İstanbul’a 2000’li yıllarda deniz doldurularak eklenen alanlar, neredeyse yeni bir ilçe oluşturacak büyüklüğe ulaştı.

Hürriyet'ten Banu Tuna'nın haberine göre yaklaşık 17 yılda İstanbul'un farklı yerlerine yapılan denize dolgu alanların yüzölçümü 2.34 kilometrekarelik Heybeliada'dan büyük bir alana ulaştı.

İstanbul'da 2000'li yıllara kadar Ahırkapı-Bakırköy, Caddebostan-Pendik, Üsküdar-Harem sahilleri ve Avcılar doldurulmuştu. Son 15 yılda ise denizin doldurulmasında önceki yıllara büyük fark atıldı. Maltepe ve Yenikapı sahillerine yapılan dolgular İstanbul'un kuşbakışı görünümünü ve haritasını bile değiştirdi.

Son yıllarda 2000'den bu yana 2.55 kilometrekarelik bir alan yaratılmış oldu. Bunun içinde Yenikapı ve Maltepe'deki devasa rekreasyon alanları, Yassıada'yı toptan değiştiren dolgular, Ataköy Yat Limanı'na yapılan ekler, Boğaz'da Emirgan ve Çubuklu'da inşa edilen yaya yolları, Tellibaba Koyu'nda Sahil Güvenlik için yapılan doldurma işlemleri, Avcılar sahilindeki park, Yenikapı'dan Beylikdüzü'ndeki yeni yerine taşınan balık hali, Pendik'te inşa edilen marina var.
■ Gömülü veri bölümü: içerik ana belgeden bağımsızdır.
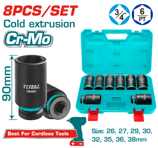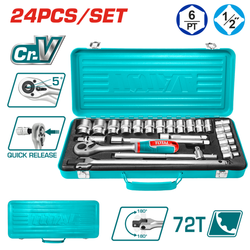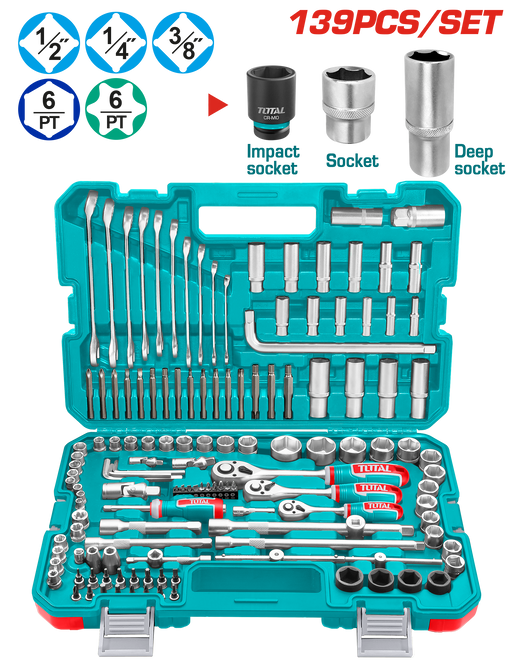 طقم وصلة دريل بوكس 1/2+3/8+1/4 من Total طوله 65-73 مم لمتانة عالية

Üstelik bazı yerlerdeki tramvay ve tekne park gibi nedenlerle yapılan dolgu alanları bu hesabın dışında. Dolgu alanlarının toplam büyüklüğü bunlar da eklendiğinde Güngören ilçesini geride bırakıyor.

'DOLGU ALANLARI DEPREMDE EN RİSKLİ ALANLAR'

İstanbul'dan son dönemdeki ulaşım ve kentsel dönüşüm projeleriyle birlikte devasa bir hafriyat yığını çıktı. Bu hafriyat kentte yeni dolgu alanları yapılması için kullanıldı. Öte yandan dolgu alanları depremde en riskli alanlardan biri olarak görülüyor. İstanbul'daki 1999 depreminde sahil şeridinde en fazla yıkım temeli olmayan bu alanlarda yapılan binalarda yaşanmıştı.

Şehir Plancıları Odası deniz doldurma furyasını şöyle değerlendiriyor:

"Boğaz hattında otopark yapımı için devam eden dolgular, Kadıköy'de cami, Yenikapı'da arıtma tesisi, Maltepe'de miting alanı, tüm Marmara kıyısı boyunca devam eden yollarda görüldüğü gibi her türlü kamusal donatı ihtiyacının karşılanmasında arazi elde etmenin yolu ne yazık ki dolgu yapmak gibi görünüyor. Kent içinde yaratamadığımız yeşil alanlar ile koruyamadığımız sahil şeridini dolgu alanları yaparak telafi etmeye çalışıyoruz. Oysa Boğaz gibi eşsiz coğrafyaya sahip bir kentte, kıyıların doğal olarak korunması kent estetiğini artıran bir unsur olabilirdi."